Sunday 15 November 2015

The Autumn Inflection, and a Digression into Early Summer

Last week while updating my spreadsheets for the first time since September* and generally catching up I realised that there is a feature that I've not addressed before, the change of rate of sea ice gain in Autumn. *The PIOMAS data is now updated, last updated in August, see top box on the right of the page, top link.


Looking at the charts from the University of Bremen the inflection can be seen.

This is also apparent in NSIDC derived data, so it is not an artefact in one dataset, I have said for some years that it is due to the transition from ice extent growth within the Arctic Ocean to growth outside becoming dominant as the Arctic Ocean fills with ice. But I have never shown that this is the case.

I have taken regional sea ice data from Wipneus and calculated the average seasonal cycles for two 9 year periods, Pre 2007 is 1998 to 2006, Post 2007 is 2007 to 2015. The data for 2015 is only updated to 14 November, but that has little impact. The following graphs show the seasonal cycles of extent for regions outside the Arctic Ocean (green), the Arctic Ocean (red), and total Northern Hemisphere extent (black line). Sea ice extent is given in million kmsq.



The deeper 'cut' into extent is visible during summer, but what is clear from the above is that for both periods the inflection happens about the same time and is at the point at which Arctic Ocean extent starts to level out towards its peak extent and gains outside the Arctic Ocean start to take over.

What is also clear is the steepness of extent gains over the autumn after 2007. To look at this I have calculated and graphed the difference between the two periods for the Peripheral Seas (Beaufort round to Laptev - blue) and All Arctic (Northern Hemisphere - red) extent. The difference between the two (Delta - green) is also plotted.


The All Arctic plot shows the same behaviour as anomalies from the 1981 to 2010 baseline do, a steep decline in early summer, a levelling in the rest of the summer into early autumn, then a very steep rise in the late autumn. The green plot is the difference between the red and blue plots, so it shows the effect of taking out the extent in the Peripheral Seas.

What is clear is that when one takes out the Peripheral Seas (blue) autumn's rapid rise in extent is far more muted (green), therefore the increased rate of sea ice extent formation in the 2007 to 2015 period is due to activity in the peripheral seas. This is a result of rapid icing over after the sun sets for the winter across the larger tracts of open water that have dominated the Post 2007 period as compared to the Pre 2007 period.

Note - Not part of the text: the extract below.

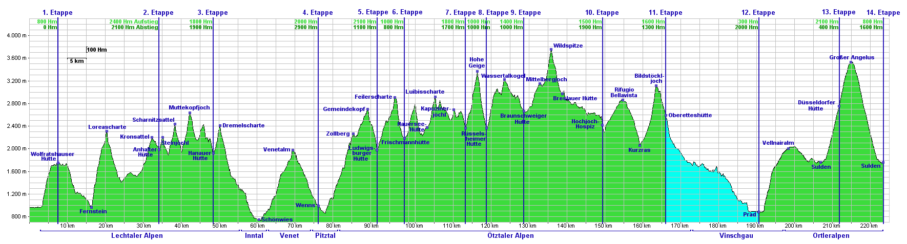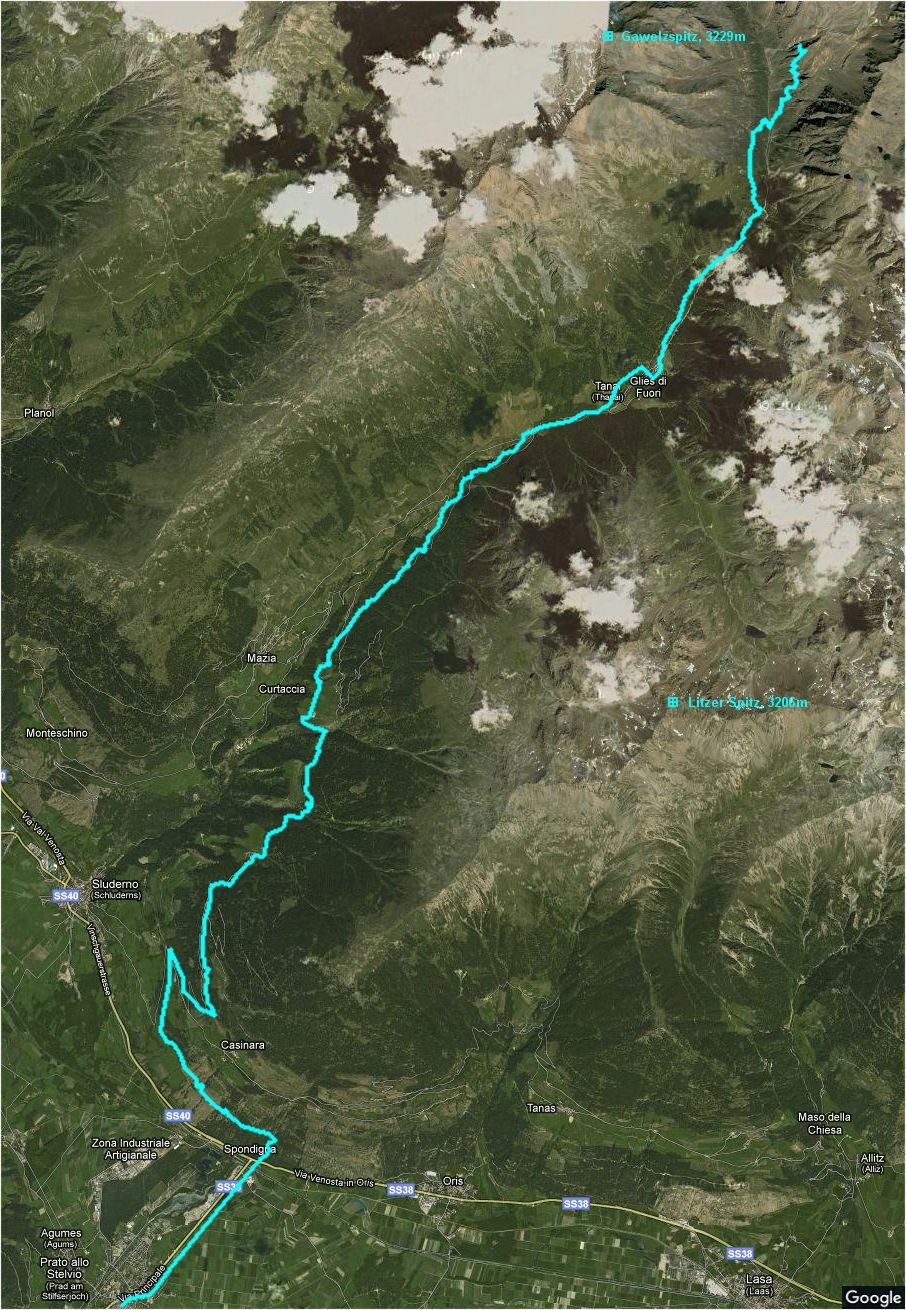 | Der Abstieg ins Vinschgau hat sich schon sehr gezogen, ein ziemliches Gelatsche. Ich hab auch nicht immer den Wanderweg gefunden, so dass ich auch viel auf Teerstrassen gelaufen bin, wodurch mir am Ende die Fußsohlen gebrannt haben. Aber ich bin ja selber Schuld, ich wollte ja unbedingt alles zu Fuß machen! ;-) Ich bin aber auf alle Fälle froh, das so durchgezogen zu haben! In Prad war es dann schwierig, eine Unterkunft zu finden - fast alles ausgebucht! Ich hab trotzdem was nettes gefunden, und gleich für 2 Nächte genommen, um einen Pausetag einzulegen. |

However, whilst I have this graph it is worth turning to early summer. The same set of calculations also reveals that when one takes away the earlier melt of the peripheral seas, as shown by the drop in the blue plot from late May to early July, the difference plot (green) loses the steep drop shown in All Arctic extent. This is for extent, so can be taken to be indicative of the area behind the ice edge, excluding the impact of melt ponds. So since 2007 there has been a massively more aggressive retreat of the ice edge in early summer within the Peripheral Seas, something we probably all knew but I haven't explicitly shown like this before.

So how fast is this early melt proceeding in the Peripheral Seas? I have calculated the extent loss from 1 June to 31 July and plotted below as a timeseries.


The overall impression from this is of a fast transition of sorts from around 2004 until 2007 when a new steady state seems to commence. I started writing this blog post a week ago but still have no straightforward answer for this behaviour. However it looks more like a new regime from 2007 onwards, not a slide to greater early summer extent loss, and given that we now have nearly 1/4 of the data representing the post 2007 period this is significant.

4 comments:

Anonymous said...

I think the state of the progress this year gives us a good clue as to what is happening during the inflection.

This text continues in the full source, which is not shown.